● **Required action**: Set the data below down again, exactly, with every picture left out.
**** Supplied material
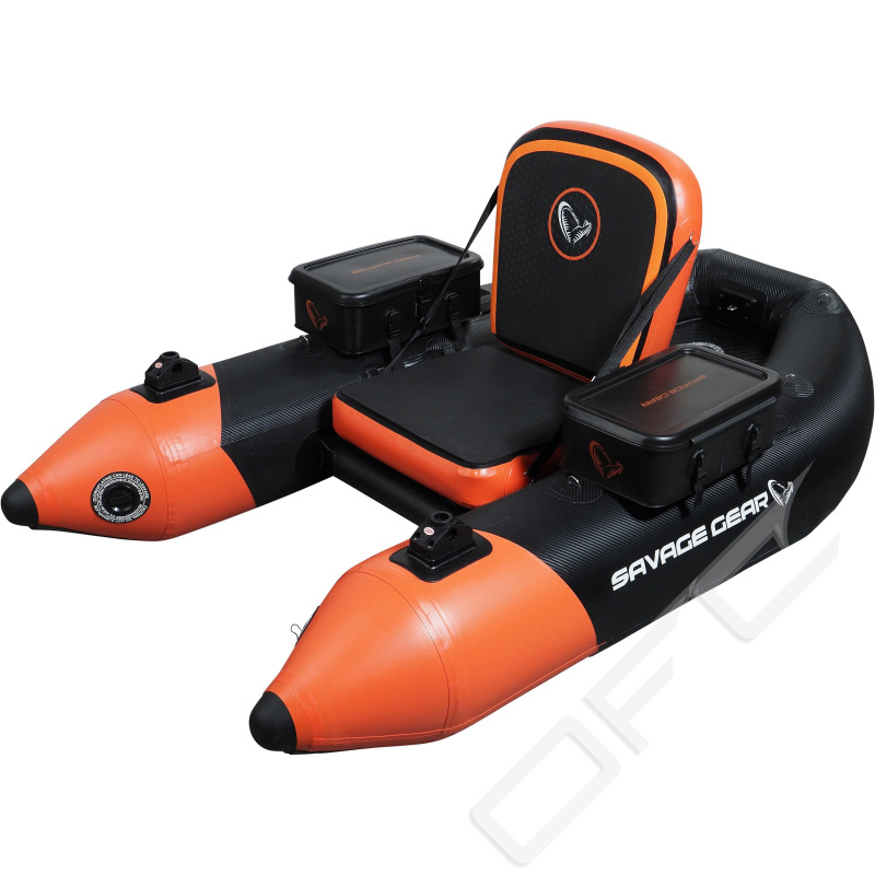 Savage Gear High Rider 185 Co Pro-Motor Belly Boat är en flytring gjord i 0,90 mm tjock PVC med invävd kolfiberoptik, Savage Gear-bogmotorfäste (#SVS70721) förberedd och Float Plus engine-ready. Förberedd med två Berkley Mount-baser för spöhållare, bord, ekolodshållare, kameraarm eller andra Berkley-båttillbehör. Levereras med två stora, avtagbara EVA-väskor, en extra hög sits (10 cm) och den har 2+1 luftkammare. Längst bak på sitsen finns en 20x5 cm, kardborrefästning och lätt avtagbar reflexrem för extra säkerhet. Men den kanske mest anmärkningsvärda förbättringen är den unika formen, vilket gör att båten går snabbare, rakare och därmed mer energieffektiv. Absolut nästa nivå av flytring!
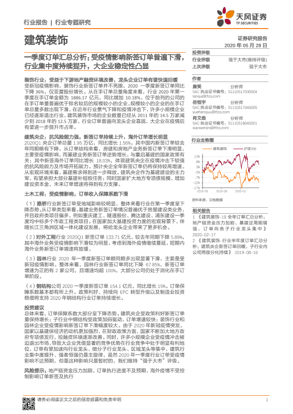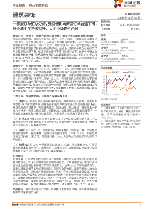 【天风证券】【20200528】一季度订单汇总分析:受疫情影响新签订单普遍下滑,行业集中度持续提升,大企业稳定性凸显-18页
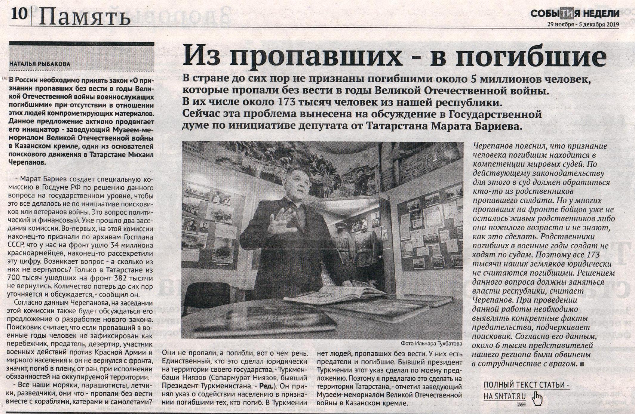 В стране до сих пор не признаны погибшими около 5 миллионов человек, которые пропали без вести в годы Великой Отечественной войны. В их числе около 173 тысяч человек из нашей республики. Сейчас эта проблема вынесена на обсуждение в Государственной думе по инициативе депутата от Татарстана Марата Бариева.
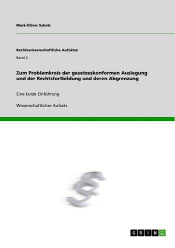 Wissenschaftlicher Aufsatz aus dem Jahr 2011 im Fachbereich Jura - Sonstiges, , Sprache: Deutsch, Abstract: Unser Recht ist ständig in Bewegung, was zum Einen aus sich ändernden Umständen, zum Anderen an der Starrheit der Sprache und den damit verbundenen Gestaltungsschwierigkeiten bei der Schaffung abstrakter Normen, die auf eine Vielzahl von Fällen zutreffen sollen, resultiert. Dieser Aufsatz beschäftigt sich mit dem Problemkreis der erforderlichen Gesetzesauslegung und der ebenfalls zwangsläufigen Rechtsfortbildung.
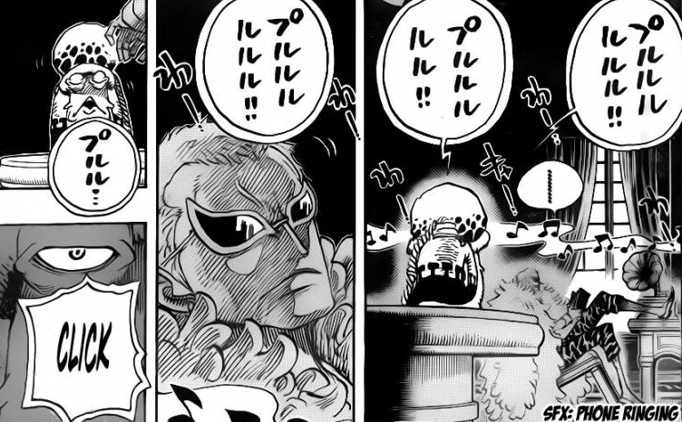 Pas grand chose d’intéressant pour ce chapitre de One Piece puisque de combat Doflamingo/Kuzan, il n’y en aura point. Le reste s’étale entre scènes humoristiques (du grand One Piece en passant) et l’intrigue n’avance pas si ce n’est confirmer la résignation de Doflamingo en tant que Roi de Dressrosa et Capitaine corsaire. L’alliance entre Kid, Apoo et Hawkins était elle aussi connue donc rien de nouveau. On appréciera néanmoins le coté politique et la « grandeur » de Dofla : plus les chapitres avancent et plus il semble avoir à cœur les intérêts de son peuple (qui le tient par ailleurs en haute estime). A suivre.
********
● **Response below**:
 Savage Gear High Rider 185 Co Pro-Motor Belly Boat är en flytring gjord i 0,90 mm tjock PVC med invävd kolfiberoptik, Savage Gear-bogmotorfäste (#SVS70721) förberedd och Float Plus engine-ready. Förberedd med två Berkley Mount-baser för spöhållare, bord, ekolodshållare, kameraarm eller andra Berkley-båttillbehör. Levereras med två stora, avtagbara EVA-väskor, en extra hög sits (10 cm) och den har 2+1 luftkammare. Längst bak på sitsen finns en 20x5 cm, kardborrefästning och lätt avtagbar reflexrem för extra säkerhet. Men den kanske mest anmärkningsvärda förbättringen är den unika formen, vilket gör att båten går snabbare, rakare och därmed mer energieffektiv. Absolut nästa nivå av flytring!
 【天风证券】【20200528】一季度订单汇总分析:受疫情影响新签订单普遍下滑,行业集中度持续提升,大企业稳定性凸显-18页
 В стране до сих пор не признаны погибшими около 5 миллионов человек, которые пропали без вести в годы Великой Отечественной войны. В их числе около 173 тысяч человек из нашей республики. Сейчас эта проблема вынесена на обсуждение в Государственной думе по инициативе депутата от Татарстана Марата Бариева.
 Wissenschaftlicher Aufsatz aus dem Jahr 2011 im Fachbereich Jura - Sonstiges, , Sprache: Deutsch, Abstract: Unser Recht ist ständig in Bewegung, was zum Einen aus sich ändernden Umständen, zum Anderen an der Starrheit der Sprache und den damit verbundenen Gestaltungsschwierigkeiten bei der Schaffung abstrakter Normen, die auf eine Vielzahl von Fällen zutreffen sollen, resultiert. Dieser Aufsatz beschäftigt sich mit dem Problemkreis der erforderlichen Gesetzesauslegung und der ebenfalls zwangsläufigen Rechtsfortbildung.
 Pas grand chose d’intéressant pour ce chapitre de One Piece puisque de combat Doflamingo/Kuzan, il n’y en aura point. Le reste s’étale entre scènes humoristiques (du grand One Piece en passant) et l’intrigue n’avance pas si ce n’est confirmer la résignation de Doflamingo en tant que Roi de Dressrosa et Capitaine corsaire. L’alliance entre Kid, Apoo et Hawkins était elle aussi connue donc rien de nouveau. On appréciera néanmoins le coté politique et la « grandeur » de Dofla : plus les chapitres avancent et plus il semble avoir à cœur les intérêts de son peuple (qui le tient par ailleurs en haute estime). A suivre.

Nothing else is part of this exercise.